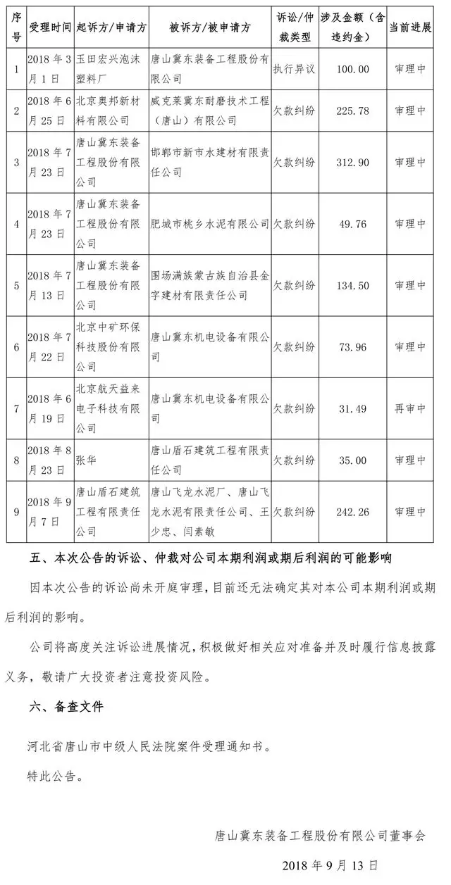 冀東裝備(000856)9月12日晚公告,9月12日,唐山市中級人民法院受理了公司訴唐山飛龍水泥廠、唐山飛龍水泥有限責(zé)任公司、王少忠、閆素敏買賣合同糾紛一案。
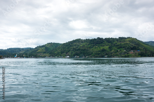 lake, natural, caldera, indonesian, island, sumatra, indonesia, volcano, asia, asian, nature, water, landscape, scene, scenery, coast, shore, hill, mountain, rain, rainy, season, dull, cloud, cloudy, storm, panorama, panoramic, view
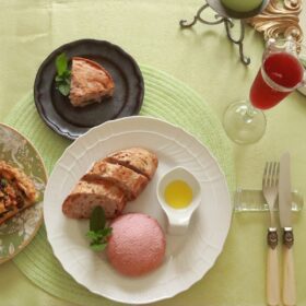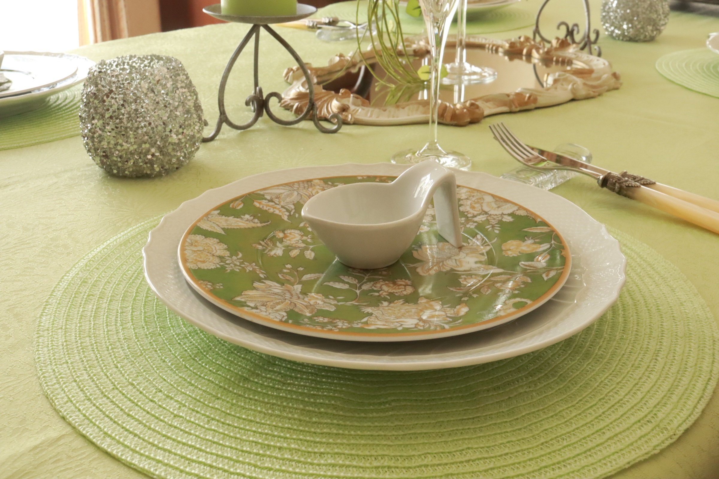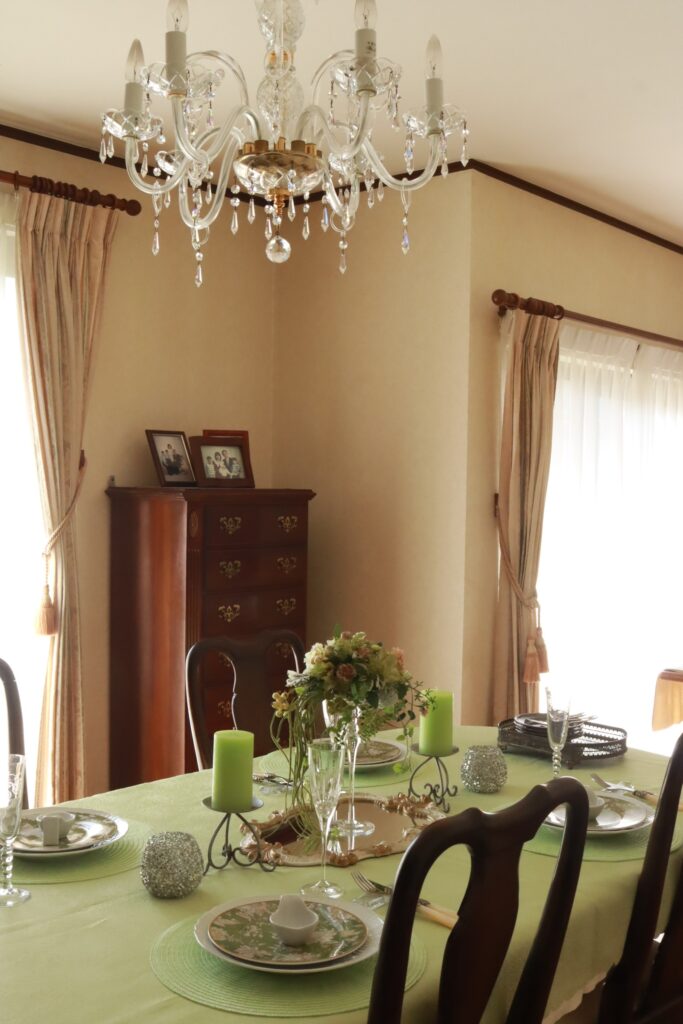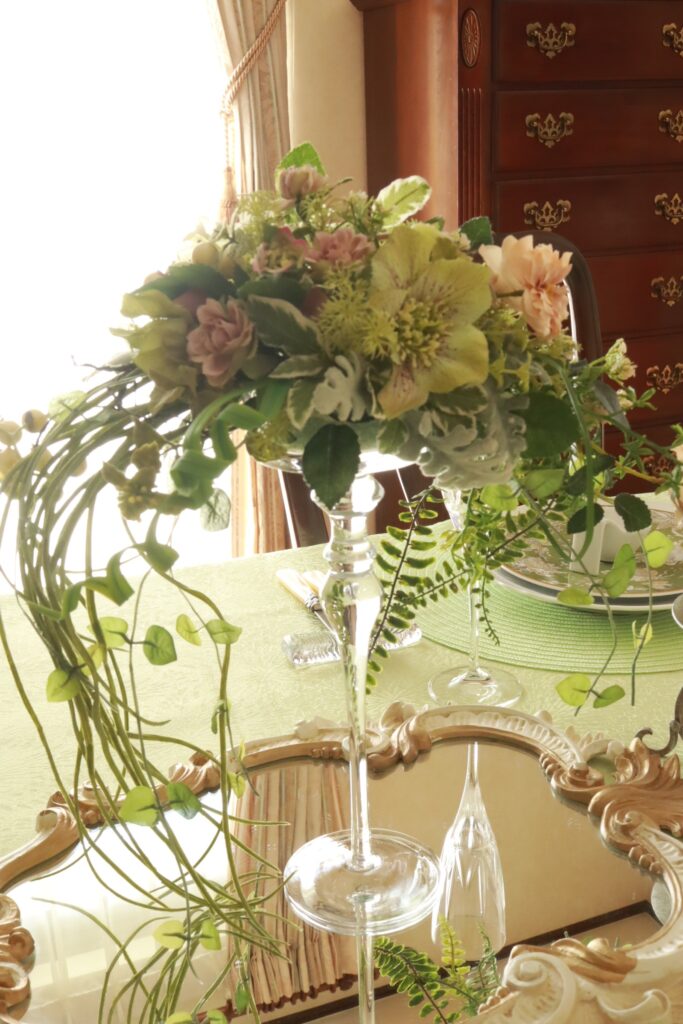 4月のみもざていのテーブルコーデェネイトは新緑をイメージしています。
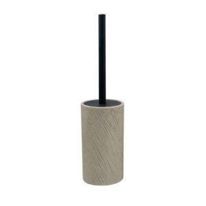 Modern Minimalist Beige Diagonal Ribbed Toilet Brush Set, Premium Resin Base, Discreet Storage Cleaning Brush, for Master/Guest Bathroom
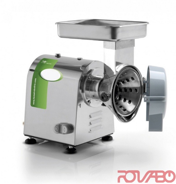 Профессиональное оборудование. Укреплённая конструкция з нержавеющей стали AISI 304. Редуктор зубчатый в масляной ванне. Мощный асинхронный двигатель с термозащитой. Бункер подачи, поддон и режущие элементы (конусы) из нержавеющей стали, толкатель из ABS-пластика, разгрузочный лоток из ABS-пластика с предохранительным микровыключателем, режущие элементы (конусы) разных размеров. Производительность - 50 кг/ч. Скорость - 1400 об/мин. Панель управления на 24 В обеспечивает эксплуатационную безопасность и максимальную безопасность оператора.
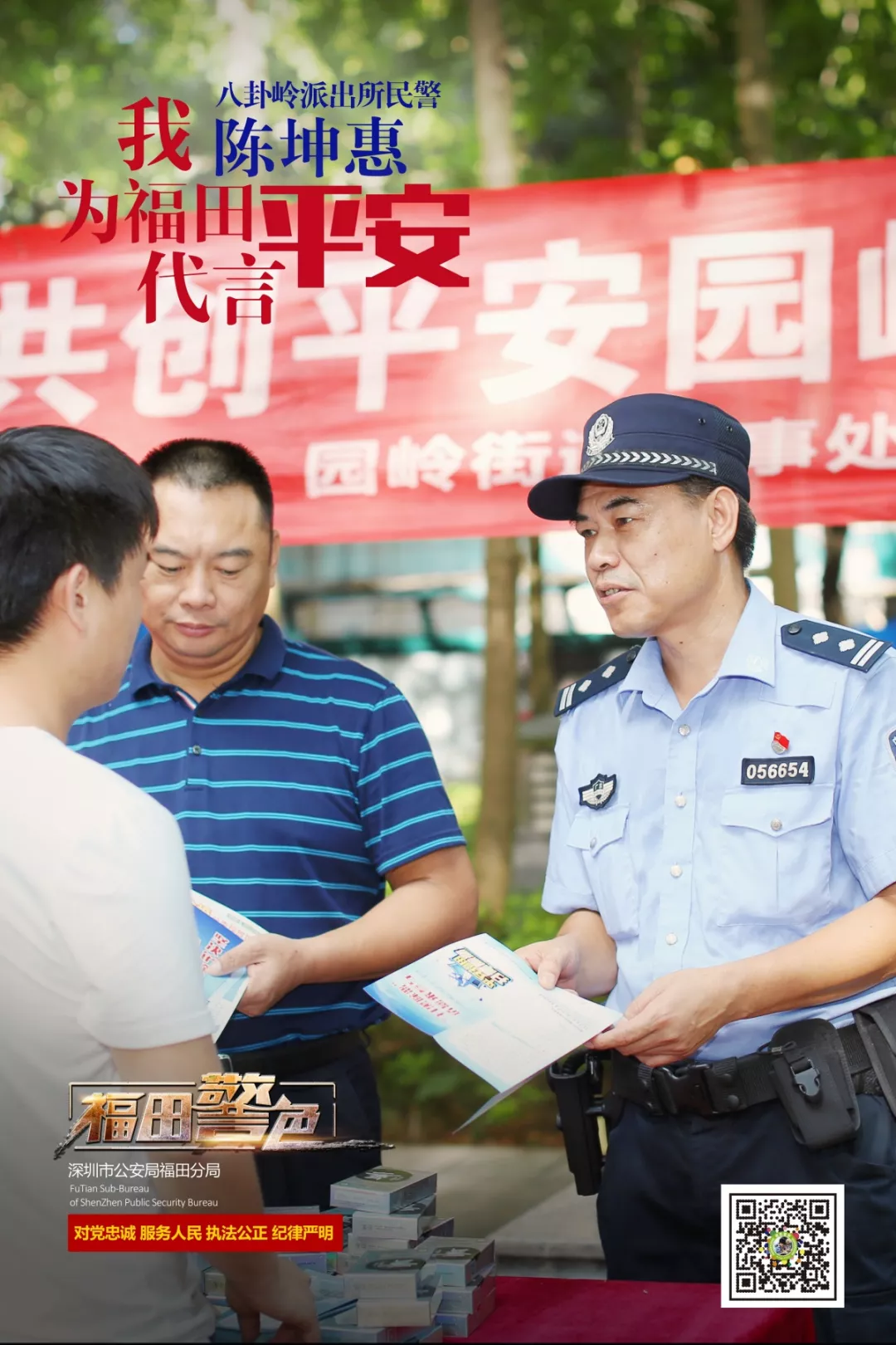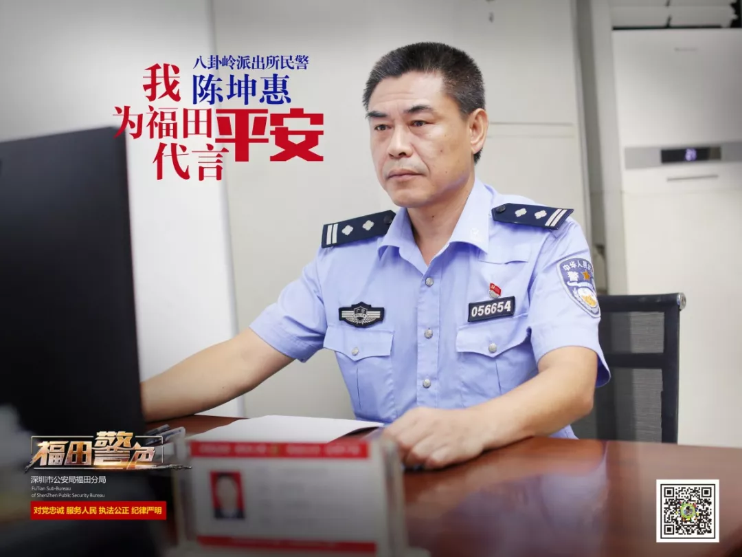 陳坤惠,48歲,1995年1月加入福田警隊(duì)。現(xiàn)為八卦嶺派出所華林社區(qū)民警,曾榮獲優(yōu)秀共產(chǎn)黨員1次,優(yōu)秀公務(wù)員2次。
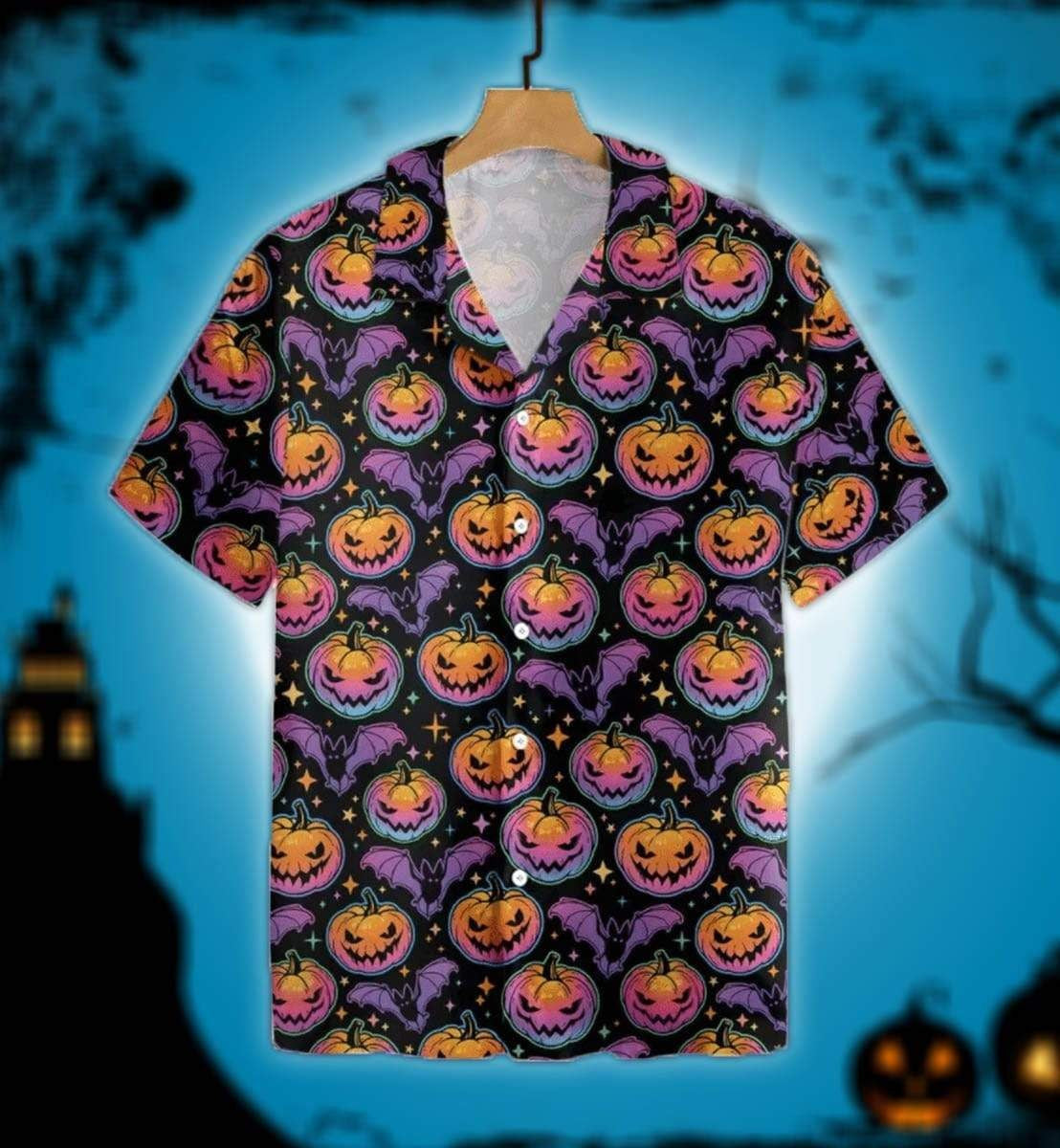 Oíche Shamhna Corcra Glowing Scanrúil Caidéil Olc Cúlra Abaithe Léine Haváíais, Bronntanas Léine Haváís, Bronntanas Nollag

____

- Required work -
The copy should run from the first line of the material above through the line with "4月のみもざていのテーブルコーデェネイトは新緑をイメージしています。", repeated exactly and without pictures.

- Exercise output -
 冀東裝備(000856)9月12日晚公告,9月12日,唐山市中級人民法院受理了公司訴唐山飛龍水泥廠、唐山飛龍水泥有限責(zé)任公司、王少忠、閆素敏買賣合同糾紛一案。
 lake, natural, caldera, indonesian, island, sumatra, indonesia, volcano, asia, asian, nature, water, landscape, scene, scenery, coast, shore, hill, mountain, rain, rainy, season, dull, cloud, cloudy, storm, panorama, panoramic, view
 4月のみもざていのテーブルコーデェネイトは新緑をイメージしています。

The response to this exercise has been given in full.